Le Tribunal administratif de Montreuil a jugé ces motifs insuffisants pour qualifier l’existence d’un tel intérêt public majeur et a donc partiellement annulé l’arrêté inter-préfectoral en tant qu’il autorisait à porter atteinte à certaines espèces protégées.

La Cour a censuré le raisonnement du tribunal en relevant le déploiement de l’activité de l’aéroport Charles de Gaulle, en soulignant « le constat d’un défaut d’adaptation de ses actuelles conditions de desserte » qui a été fait de longue date, « tant en ce qui concerne la saturation des axes routiers, conduisant à des trajets à la durée incertaine, que la longueur des trajets réalisés par la ligne B du RER […] et qu’il en résulte des nuisances sur le confort et les conditions de transport de l’ensemble des usagers de la ligne ». La Cour poursuit en relevant que « le report de trafic des passagers à destination de l’aéroport vers la nouvelle ligne expresse peut être raisonnablement regardé comme de nature à améliorer les conditions de circulation et de confort pour l’ensemble des usagers du réseau public, en limitant les incidents ».

Après avoir relevé que la concession de travaux « prévoit la réalisation de travaux sur les voies existantes empruntées par le TER et sur des ouvrages communs aux voies empruntées par ce TER, le transilien et la ligne B du RER comme par le « Charles de Gaulle Express » projeté, et une participation financière du concessionnaire à d’autres travaux à destination « des transports en commun du quotidien » ; la Cour souligne que l’intérêt public majeur est également constitué dans la mesure où il « n’est pas sérieusement contestable que la mise en place d’une desserte spécifiquement dédiée et conçue pour les voyageurs à destination et de retour de l’aéroport Paris Charles de Gaulle, présentant des caractéristiques d’accès aisé, de haut niveau de régularité et de ponctualité sera de nature à améliorer l’image, l’attractivité et la compétitivité de cet aéroport et plus généralement à renforcer l’attractivité touristique de Paris et sa région pour l’ensemble des voyageurs intéressés ».

Enfin, les nombreuses interventions législatives et celles du Conseil d’Etat visant à permettre la réalisation du CDG Express ont également nourri la réflexion de la Cour qui a rappelé qu’ « il est constant que le législateur, à cinq reprises, a adopté des dispositions relatives à la réalisation d’une liaison ferroviaire expresse entre Paris et l’aéroport Paris-Charles de Gaulle, et qu’une habilitation consentie par lui au Gouvernement sur le fondement de l’article 38 de la Constitution a conduit à la prise d’une ordonnance aux mêmes fins.
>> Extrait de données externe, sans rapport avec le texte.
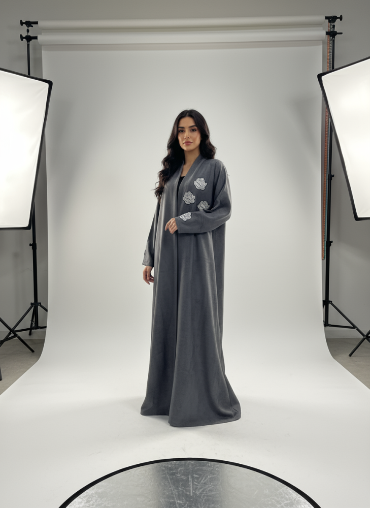 عباية شامواه فاخرة بتفاصيل أنيقة، تتميز بملمسها الناعم ولمعتها الراقية، مزينة بلمسات من الورود الناعمة التي تضيف لمسة أنثوية جذابة. تصميمها يجمع بين الفخامة والبساطة، مثالية للإطلالات المسائية والمناسبات الخاصة، وتمنحك حضور راقٍ وملفت بدون مبالغة

Le Conseil d’État statuant au contentieux a, par un arrêt n° 411086, 411154 du 22 octobre 2018, regardé comme légalement fondée la déclaration d’utilité publique du projet, aux motifs notamment des bénéfices attendus du projet, qui permettra notamment d’améliorer la desserte de l’aéroport international Charles-de-Gaulle, le deuxième aéroport européen, et de le doter d’une liaison directe, rapide et assurant un haut niveau de ponctualité, à l’instar des dessertes d’aéroports internationaux d’autres États membres de l’Union européenne, de favoriser le développement économique régional et national, en contribuant à la compétitivité de la région Ile-de-France et de Paris ainsi qu’à la réussite des Jeux Olympiques de 2024 et de s’inscrire, par un mode de transport plus respectueux de l’environnement limitant le recours aux transports routiers, dans le cadre d’un développement durable ».

Cet arrêt est une nouvelle illustration des difficultés évidentes que représente l’interprétation de la notion de raison impératives d’intérêt public majeur. Cette analyse éminemment casuistique, et quelque peu subjective donc, représente un sujet difficile à anticiper et appréhender pour les porteurs de projet, et donc une fragilité juridique.

Le Conseil d’Etat aura peut-être une nouvelle occasion d’affiner son interprétation de cette notion si la commune de Mitry-Mory décide de se pourvoir en cassation.